Midday / packages /documents /src /utils.ts
Jules
Final deployment with all fixes and verified content
c09f67c
import type { Attachments } from "./types";
import { lookupDomainByCompanyName } from "./utils/domain-lookup";
export const allowedMimeTypes = [
"image/heic",
"image/png",
"image/jpeg",
"image/jpg",
"application/pdf",
"application/octet-stream",
];
export function getAllowedAttachments(attachments?: Attachments) {
return attachments?.filter((attachment) =>
allowedMimeTypes.includes(attachment.ContentType),
);
}
/**
* Extract domain from email address
* Handles various email formats and extracts root domain
*/
export function getDomainFromEmail(email?: string | null): string | null {
if (!email) return null;
// Clean email - remove any whitespace and angle brackets
const cleanedEmail = email.trim().replace(/[<>]/g, "");
const emailPattern = /^[^\s@]+@([^\s@]+)$/;
const match = cleanedEmail.match(emailPattern);
const domain = match?.at(1);
if (!domain) return null;
// Handle common email service domains (keep as-is)

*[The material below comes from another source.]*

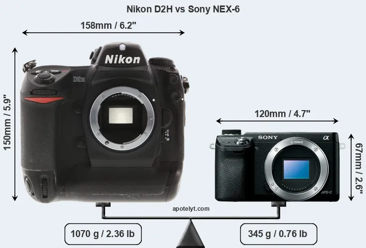 If the front view area (width x height) of the cameras is taken as an aggregate measure of their size, the Sony NEX-6 is considerably smaller (66 percent) than the Nikon D2H. Moreover, the NEX-6 is substantially lighter (68 percent) than the D2H. It is worth mentioning in this context that the D2H is splash and dust resistant, while the NEX-6 does not feature any corresponding weather-sealing.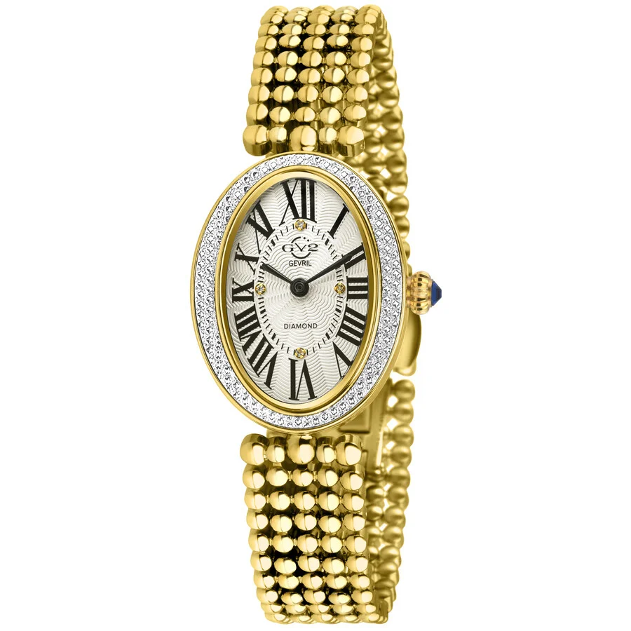 Yellow gold-tone stainless steel case and bracelet. Fixed yellow gold-tone stainless steel bezel. White dial with black hands and Roman numeral hour markers. Minute scale around the inner rim. Dial Type: Analog. Ronda Caliber 1062 quartz movement. Scratch resistant sapphire crystal. Pull / push crown. Solid case back. Oval case shape, case size: 24.5 mm, case thickness: 7 mm. Band width: 14 mm. Deployment with push button release clasp. Water resistant at 50 meters / 165 feet. Functions: hour, minute. Additional Info: diamonds. Piazza Navona Series. Fashion watch style. Watch label: Swiss Movt. GV2 by Gevril Piazza Navona Quartz White Dial Ladies Watch 14811B. GENERAL Box Type: Original Box CASE Case Thickness: 7 mm Case Material: Stainless Steel Case Shape: Oval Case Back: Solid BAND Band Material: Stainless Steel Band Type: Bracelet Band Color: Yellow Gold-tone Band Width: 14 mm Clasp: Deployment with Push Button Release DIAL Dial Color: White Type: Analog Crystal: Scratch Resistant Sapphire Hands: Black Dial Markers: Roman Numeral Second Markers: Minute Scale around the inner rim Bezel: Fixed Bezel Color: Yellow Gold-tone Bezel Material: Stainless Steel Crown: Pull / Push INFORMATION Brand: Gv2 By Gevril Series: Piazza Navona Collection Name: Piazza Navona Gender: Womens Model: 14811B Watch Label: Swiss Movt Movement: Quartz Engine: Ronda Caliber 1062 FEATURES Water Resistance: 50 meters / 165 feet Functions: Hour, Minute Watch Features: Analog, Gold, Stainless Steel, Diamond ADDITIONAL INFO Watch Style: Fashion Warranty: With Manufacturers Guarantee UPC Code: 840840151001 Additional Info: Diamonds Jomashop Sku: Y-A5VUV Department: Watches

const commonEmailServices = [
"gmail.com",
"yahoo.com",
"outlook.com",
"hotmail.com",
"icloud.com",
"protonmail.com",
];
if (commonEmailServices.includes(domain.toLowerCase())) {
return domain.toLowerCase();
}
// Extract root domain (remove subdomains)
const domainParts = domain.toLowerCase().split(".");
// Handle special cases like .co.uk, .com.au, etc.
const twoPartTLDs = [
"co.uk",
"com.au",
"co.nz",
"co.za",
"com.br",
"com.mx",
"co.jp",
"com.cn",
];
// Check if it's a two-part TLD
if (domainParts.length >= 3) {
const lastTwo = domainParts.slice(-2).join(".");
if (twoPartTLDs.includes(lastTwo)) {
// Return domain with two-part TLD (e.g., example.co.uk)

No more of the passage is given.